Dear students in Educ 300: Educ Reform Past & Present
Many of us are deeply troubled by the Trump administration’s ban on refugees and immigrants from select Muslim nations.
In tonight’s class, I hope that historical thinking can help us to become wiser about responding to present-day events. We’ll examine anti-immigrant stances from more than a century ago, and explore how natives and newcomers fought over similar issues during the Common School movement. Although the past never exactly repeats itself, history can help us to reflect on how to make sense and take action in today’s perilous times.
One student emailed me to explain that they are participating in a silent protest as an act of solidarity, to let me know that they may not speak in tonight’s class.
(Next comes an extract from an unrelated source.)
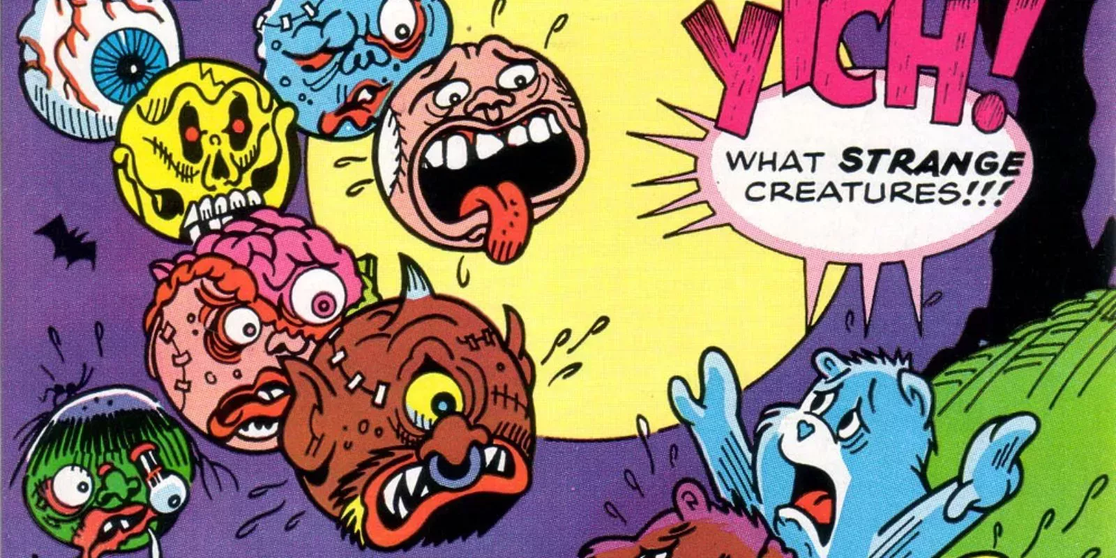Protagonistas de su propia serie de 1986, los Madballs se enfrentaron al científico loco Dr. Frankenbeans, obsesionado con capturarlos. Pero quizá lo más extraño de todo fue el cruce de los Madballs con los Care Bears, una línea de juguetes en el polo opuesto del espectro de la ternura con su propia serie de cómics publicada en Star Comics. Los Osos Cuidadores se las tuvieron que ver con los pegajosos y abultados Madballs. Todo en nombre de una diversión viscosa y divertida, pero para los fans de los Ositos Cariñosos debió de ser un gran shock ver a sus osos favoritos acosados por las espeluznantes Bolas Locas. Más sorprendente que el hecho de que los Madballs tuvieran su propia serie de cómics es que los juguetes supergroseros recibieran una segunda serie.

I understand that each of us must follow our conscience.
But I ask you to think carefully about whether a silent protest in a college classroom is the most effective way to show solidarity. In my view, Trump wants “silence” from students, activists, and especially the news media. We at Trinity have an incredible privilege: our liberal arts education teaches us how to speak truth to power.
If you’re as angry as I am about Trump’s policies, then I encourage you to join me tonight to learn about the past, get politically organized, and raise your voice in protest. If students wish, I am more than willing to set aside part of tonight’s agenda to build more connections between past and present and discuss how to translate ideas in action.